▶ _EXERCISE MATERIALS_:
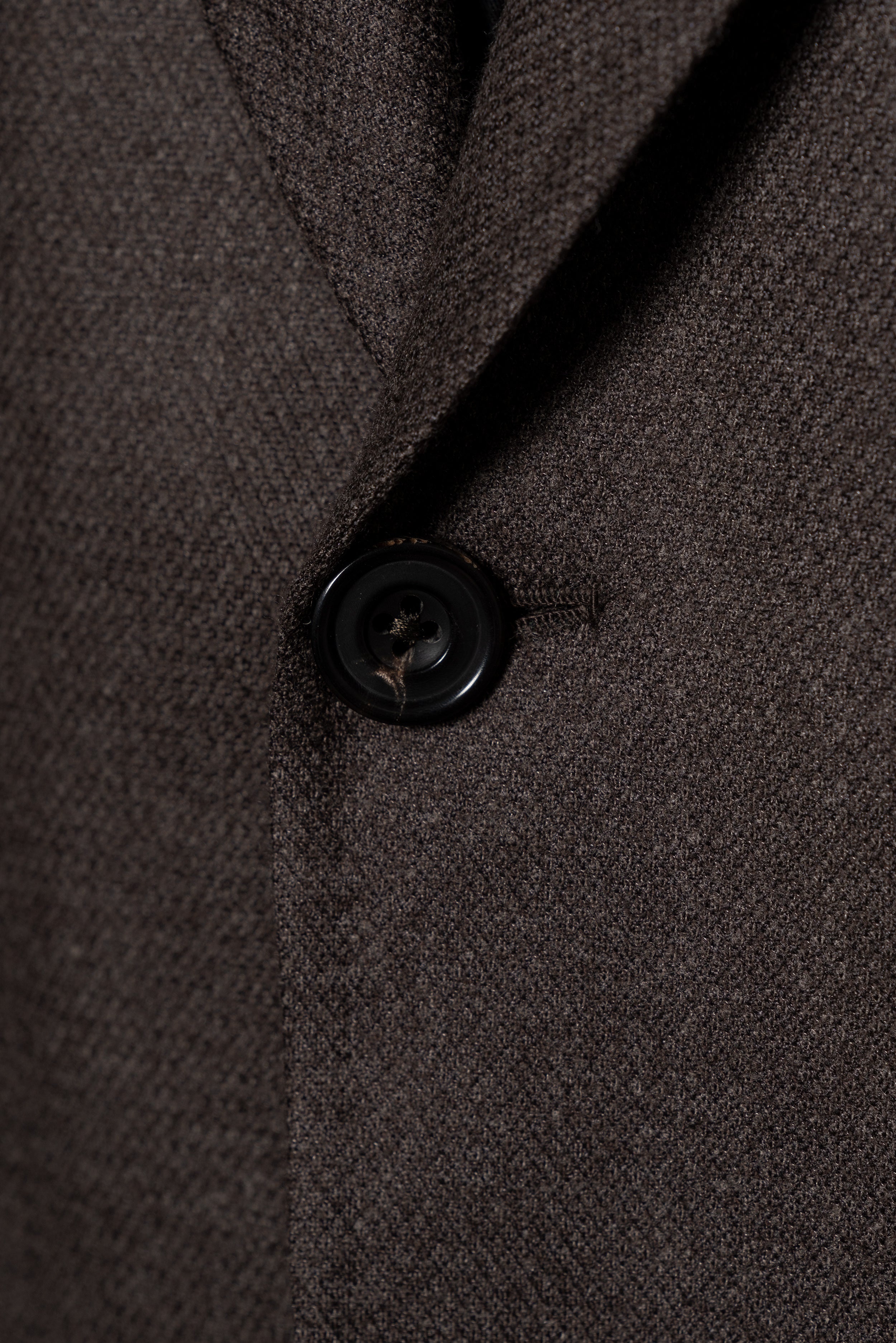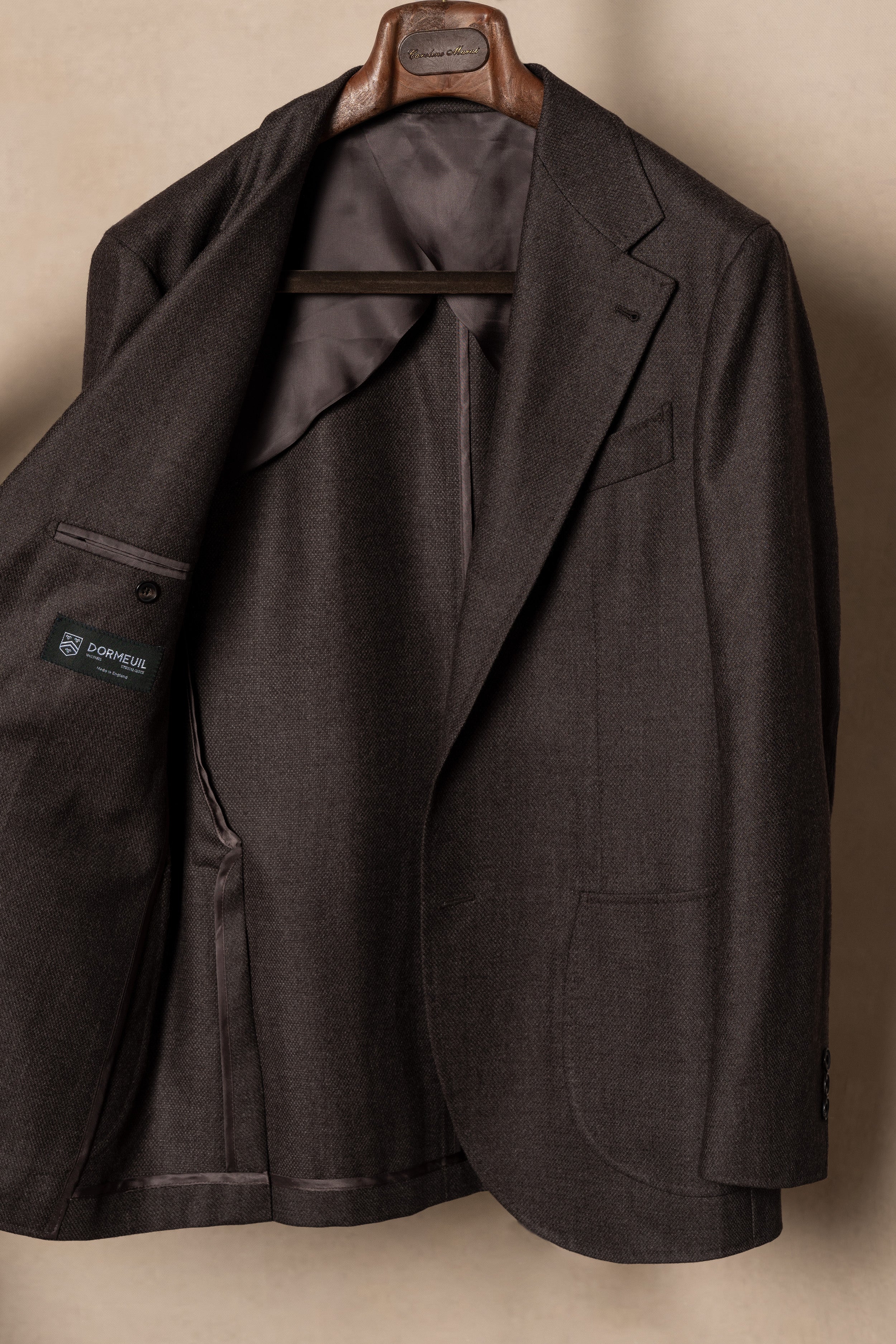 This Brown Birdseye Jacket features a subtle, textured weave that adds quiet sophistication to a timeless silhouette. The birdseye pattern, known for its fine dotted appearance, brings depth without distraction. Crafted from high-quality wool, it offers a soft hand, breathable comfort, and structured drape—ideal for business or elevated casual wear.
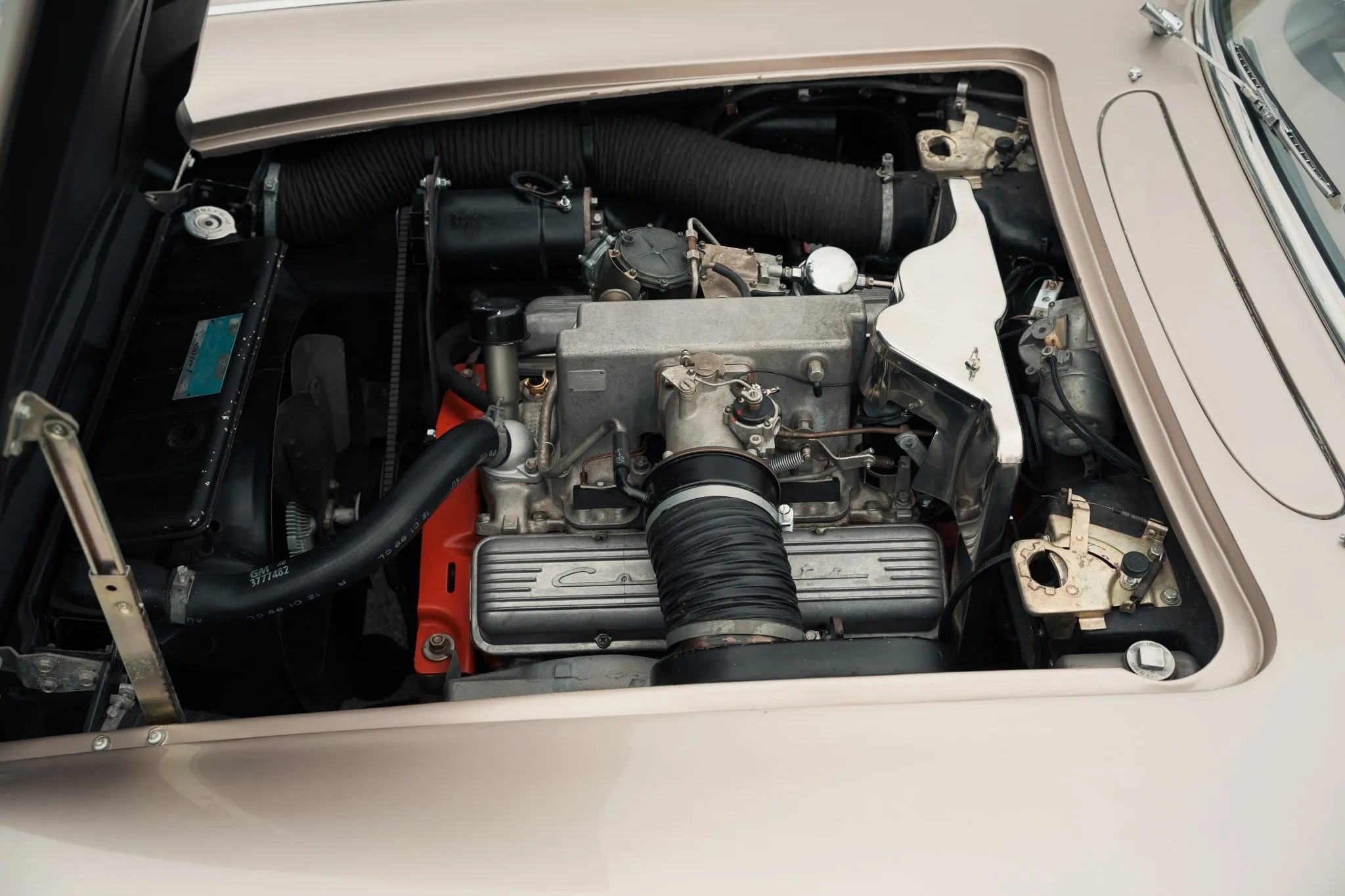 This example currently offered for sale on Bring a Trailer represents the model at its very best. Finished in beige with matching side coves and a coordinated beige interior, it presents in outstanding condition throughout. Power comes from the upgraded, fuel-injected 283-cubic-inch V8, rated at 315 horsepower and paired with a four-speed manual transmission.
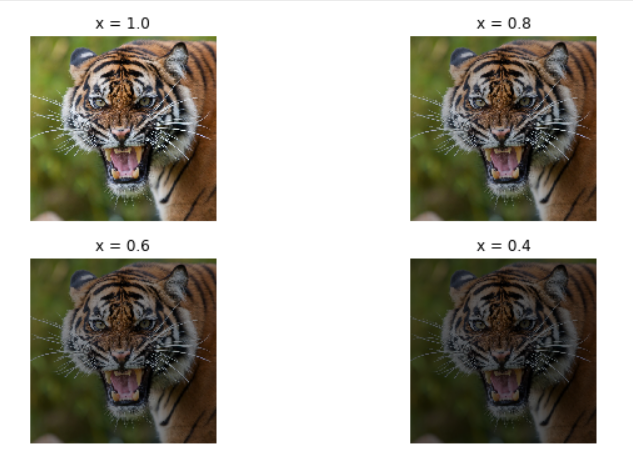 import matplotlib.pyplot as plt img_array = plt.imread('tiger.jpg') tiger = img_array/255 #显示图像 plt.figure(figsize = (10,6)) for i in range(1,5): plt.subplot(2,2,i) x = 1 - 0.2 * (i-1) plt.axis('off') plt.title("x = {:.1f}".format(x)) plt.imshow(tiger*x) plt.show()
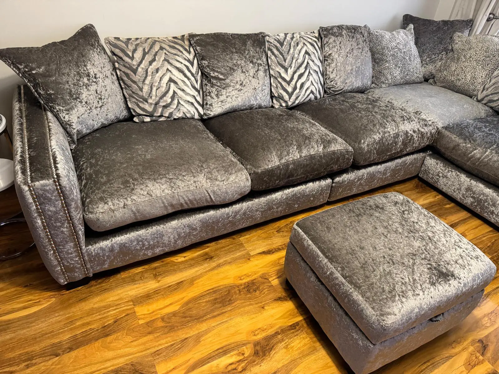 DFS silver grey crushed velvet with a two seat section and a three seat section, but there is a single seat in the three section that can be removed altogether to make a two and two instead. The corner section is singular and the other sections connect at the bottom into each other. There is silver studded detailing on the arms and has dark removeable feet. There are 13 scatter cushions with different designs and the main seat cushions have the extra padding in to hold their shape and there is also a lift up foot pouffe to match.
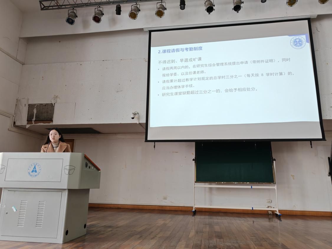 周老师着重强调了课堂考勤制度,以《中南财经政法大学研究生学籍管理办法》为基础,考勤登记、请假手续、缺勤处理等环节都应按要求严格执行。
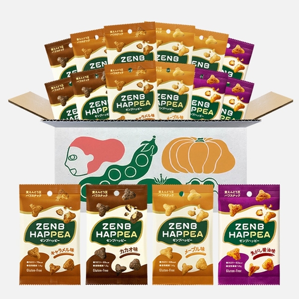 おいしくカラダにいいZENBを日常の“おやつ時間”から気軽に体験してほしいという想いから「ZENBハッピー」を開発しました。商品名の「HAPPEA(ハッピー)」には、いつでも気兼ねなくおやつを食べられる“幸せ(HAPPY)”と、“黄えんどう豆(YELLOW PEA)”からできた新しいおやつという意味を込めています。
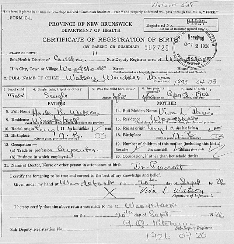 Parents Father: WATSON, Harleigh Ballentyne Mother: DAVIS, Viva Lee Birth Born on April 03, 1905 in Woodstock, Carleton Co., NB Death Died on 1960 in Massachusetts, USA Buried in Hanover Center Cemetery in Hanover, Plymouth Co., MA Marriages SUTTON, Margaret Louise Married on April 24, 1928 in Woodstock, Carleton Co., NB Children WATSON, Julie Ann: December 13, 1936 - June 07, 2025 Notes Occupation: Bank Accountant/ Accountant United Nations Sources Findagrave.com: https://www.findagrave.com/memorial/217713893/wendell-d-watson Images Wendall Davis Birth Wendall & Margaret (Sutton) Watson Wendall Watson Marriage
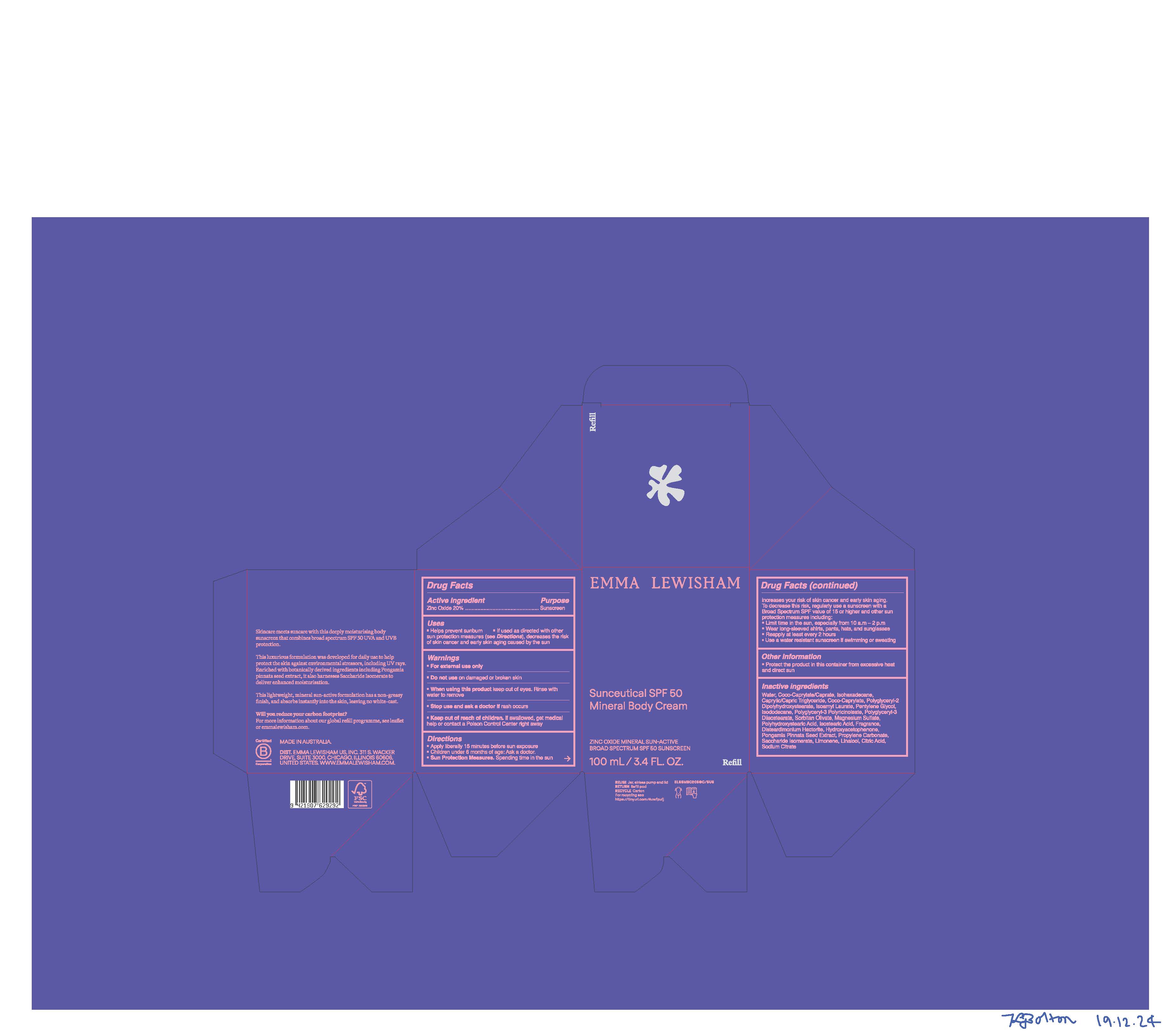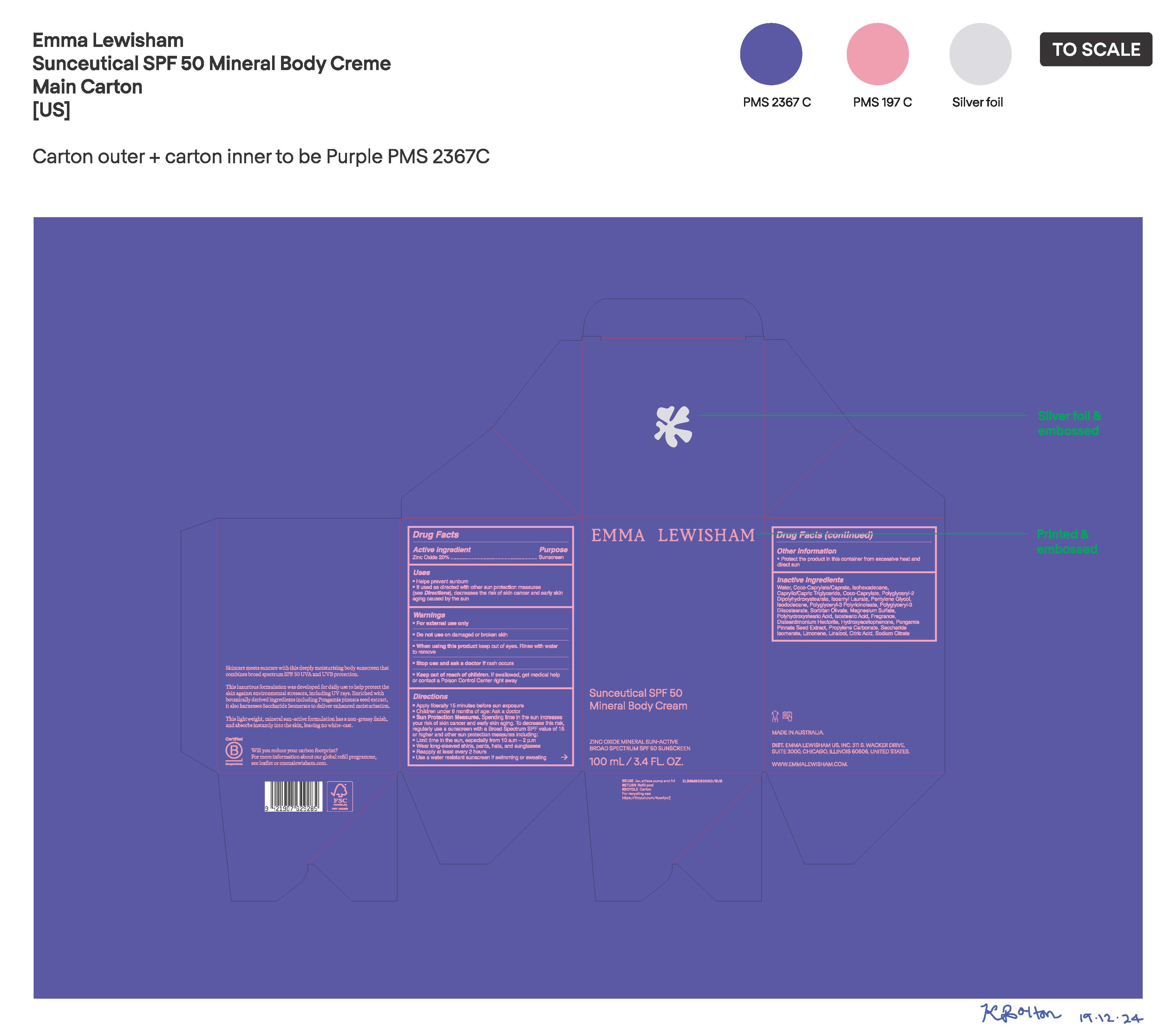 Emma Lewisham offers the Sunceutical SPF 50 Mineral Body Cream, a deeply moisturizing body sunscreen with broad-spectrum SPF 50 protection. This luxurious formulation is designed for daily use to shield the skin from environmental stressors, including UV rays. It contains botanically derived ingredients like Pongamia pinnata seed extract and Saccharide Isomerate for enhanced moisturization. The lightweight mineral sunscreen has a non-greasy finish, absorbs instantly, and does not leave a white cast. The product is made in Australia and distributed by Emma Lewisham US, Inc. in Chicago, Illinois. For more information, you can visit emmalewisham.com. To reduce your carbon footprint, they offer a global refill program. The product comes in packaging colored purple and is formulated with Zinc Oxide as the active ingredient for sun protection. It is important to follow the directions for application and reapplication as stated on the packaging to protect against sunburn, skin cancer, and early skin aging.*

▶ _TASK GOAL_:
All of the material shown above needs to be duplicated exactly. Omit every picture.

▶ _EXERCISE RESULT_:
 This Brown Birdseye Jacket features a subtle, textured weave that adds quiet sophistication to a timeless silhouette. The birdseye pattern, known for its fine dotted appearance, brings depth without distraction. Crafted from high-quality wool, it offers a soft hand, breathable comfort, and structured drape—ideal for business or elevated casual wear.
 This example currently offered for sale on Bring a Trailer represents the model at its very best. Finished in beige with matching side coves and a coordinated beige interior, it presents in outstanding condition throughout. Power comes from the upgraded, fuel-injected 283-cubic-inch V8, rated at 315 horsepower and paired with a four-speed manual transmission.
 import matplotlib.pyplot as plt img_array = plt.imread('tiger.jpg') tiger = img_array/255 #显示图像 plt.figure(figsize = (10,6)) for i in range(1,5): plt.subplot(2,2,i) x = 1 - 0.2 * (i-1) plt.axis('off') plt.title("x = {:.1f}".format(x)) plt.imshow(tiger*x) plt.show()
 DFS silver grey crushed velvet with a two seat section and a three seat section, but there is a single seat in the three section that can be removed altogether to make a two and two instead. The corner section is singular and the other sections connect at the bottom into each other. There is silver studded detailing on the arms and has dark removeable feet. There are 13 scatter cushions with different designs and the main seat cushions have the extra padding in to hold their shape and there is also a lift up foot pouffe to match.
 周老师着重强调了课堂考勤制度,以《中南财经政法大学研究生学籍管理办法》为基础,考勤登记、请假手续、缺勤处理等环节都应按要求严格执行。
 おいしくカラダにいいZENBを日常の“おやつ時間”から気軽に体験してほしいという想いから「ZENBハッピー」を開発しました。商品名の「HAPPEA(ハッピー)」には、いつでも気兼ねなくおやつを食べられる“幸せ(HAPPY)”と、“黄えんどう豆(YELLOW PEA)”からできた新しいおやつという意味を込めています。
 Parents Father: WATSON, Harleigh Ballentyne Mother: DAVIS, Viva Lee Birth Born on April 03, 1905 in Woodstock, Carleton Co., NB Death Died on 1960 in Massachusetts, USA Buried in Hanover Center Cemetery in Hanover, Plymouth Co., MA Marriages SUTTON, Margaret Louise Married on April 24, 1928 in Woodstock, Carleton Co., NB Children WATSON, Julie Ann: December 13, 1936 - June 07, 2025 Notes Occupation: Bank Accountant/ Accountant United Nations Sources Findagrave.com: https://www.findagrave.com/memorial/217713893/wendell-d-watson Images Wendall Davis Birth Wendall & Margaret (Sutton) Watson Wendall Watson Marriage
 Emma Lewisham offers the Sunceutical SPF 50 Mineral Body Cream, a deeply moisturizing body sunscreen with broad-spectrum SPF 50 protection. This luxurious formulation is designed for daily use to shield the skin from environmental stressors, including UV rays. It contains botanically derived ingredients like Pongamia pinnata seed extract and Saccharide Isomerate for enhanced moisturization. The lightweight mineral sunscreen has a non-greasy finish, absorbs instantly, and does not leave a white cast. The product is made in Australia and distributed by Emma Lewisham US, Inc. in Chicago, Illinois. For more information, you can visit emmalewisham.com. To reduce your carbon footprint, they offer a global refill program. The product comes in packaging colored purple and is formulated with Zinc Oxide as the active ingredient for sun protection. It is important to follow the directions for application and reapplication as stated on the packaging to protect against sunburn, skin cancer, and early skin aging.*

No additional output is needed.